"I'm forgetting to tell you," cried Crillon, "that they had news of your regiment a few days ago. Little Mélusson's had his head blown to bits in an attack. Here, y'know; he was a softy and an idler. Well, he was attacking like a devil. War remakes men like that!"
"Termite?" I asked.
"Ah, yes! Termite the poacher! Why it's a long time since they haven't seen him. Disappeared, it seems. S'pose he's killed."
Then he talks to me of this place. Brisbille, for instance, always the same, a Socialist and a scandal.
"There's him," says Crillon, "and that dangerous chap Eudo as well, with his notorient civilities. Would you believe it, they've not been able to pinch him for his spying proclensities! Nothing in his past life, nothing in his conductions, nothing in his expensiture, nothing to find fault with. Mustn't he be a deep one?"
I presume to think—suppose it was all untrue? Yet it seemed a formidable task to upset on the spot one of the oldest and most deeply rooted creeds in our town. But I risk it. "Perhaps he's innocent."

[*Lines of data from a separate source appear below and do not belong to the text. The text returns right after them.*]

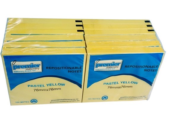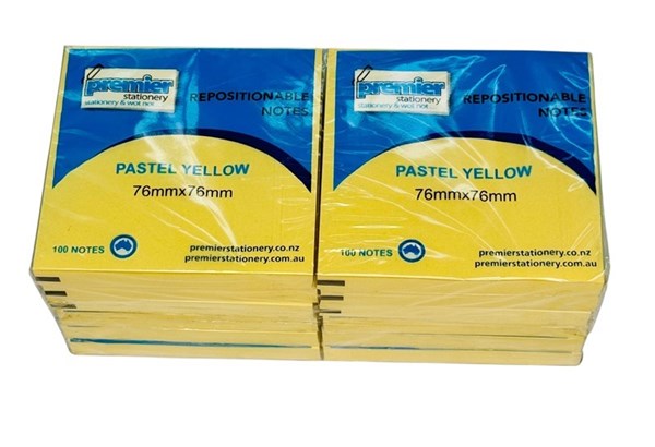 Repositionable Sticky Notes Pastel Yellow 76mm x 76mm - Pack 12 Individually Wrapped Pads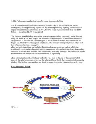 eBay's future strategy should focus on either maintaining its existing business model or expanding its core marketplace platform. Maintaining its model would involve improving its auctions and fixed price offerings through lowering seller fees to attract more activity. Expanding could entail shifting focus to mobile devices and local inventory to attract more buyers. Additionally, eBay is looking to partner with physical retailers to drive online and store sales. It is also launching a new developer platform called X.commerce that combines technologies like PayPal, Milo, Red Laser, and Magento to help retailers expand their online and mobile presence.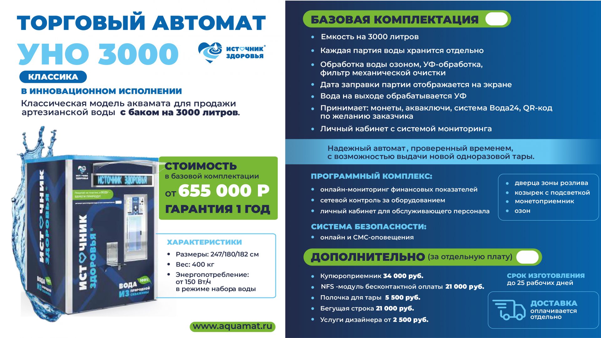 Автомат для продажи полезной артезианской воды с одним вместительным баком. Вместимость аппарата — до 3000 литров воды. Оборудование работает автономно и может быть установлено в местах, где водоснабжение отсутствует. От выбора комплектации зависят дополнительные опции и возможности оборудования. Надежный высокопрочный корпус выдерживает перепады температур от -40 до +40С.

Crillon jumps, and shouts, "What! You suspect him of being innocent!" His face is convulsed and he explodes with an enormous laugh, a laugh irresistible as a tidal wave, the laugh of all!

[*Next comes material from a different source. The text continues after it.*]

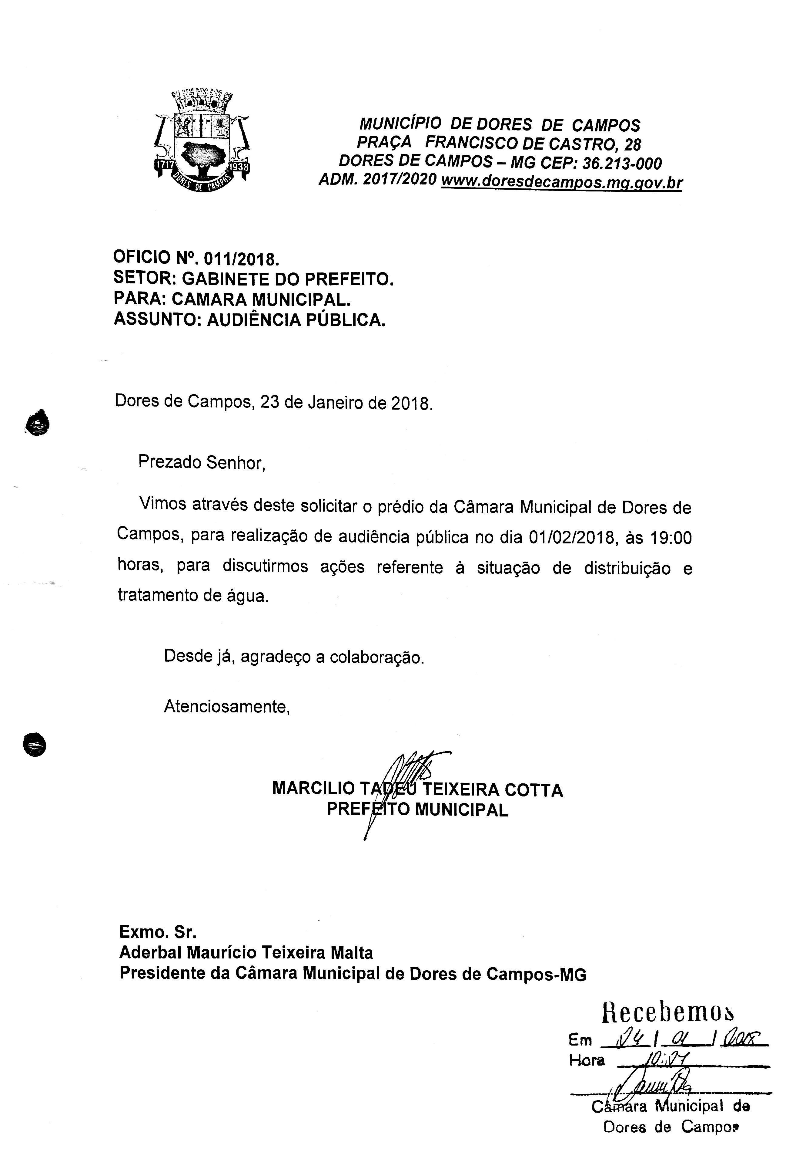 O tratamento e a distribuição da água em Dores de Campos serão debatidos nesta quinta-feira (01/02), a partir das sete horas da noite no Plenário da Câmara Municipal, conforme o ofício encaminhado pelo prefeito Marcílio Cotta (MDB) ao presidente da Casa, vereador Bal do Carlos Heleno (PT). “É uma excelente oportunidade da população dorense poder opinar sobre a situação da água”, destacou o prefeito. “Espero que a Câmara fique lotada. É um assunto de grande importância para a nossa comunidade”, enfatizou o vereador.

"Talking about Termite," says Crillon a moment later, "it seems it wasn't him that did the poaching."
The military convalescents are leaving the tavern. Crillon watches them go away with their parallel movements and their sticks.

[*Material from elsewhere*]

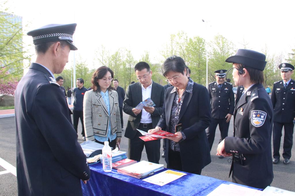 在警用装备展示区,各类武器警械装备整齐陈列,日照市公安局特警支队专业人员现场讲解,结合国防安全背景,细致讲解每一件装备的性能参数、用途功效,全方位展现我国国防科技实力与国防建设的丰硕成果,让师生们直观感受国家安全的坚实保障。

"Yes, there's wounded here and there's dead there!" he says; "all those who hadn't got a privilential situation! Ah, la, la! The poor devils, when you think of it, eh, what they must have suffered! And at this moment, all the time, there's some dying. And we stand it very well, an' hardly think of it. They didn't need to kill so many, that's certain—there's been faults and blunders, as everybody knows of. But fortunately," he adds, with animation, putting on my shoulder the hand that is big as a young animal, "the soldiers' deaths and the chief's blunders, that'll all disappear one fine day, melted away and forgotten in the glory of the victorious Commander!"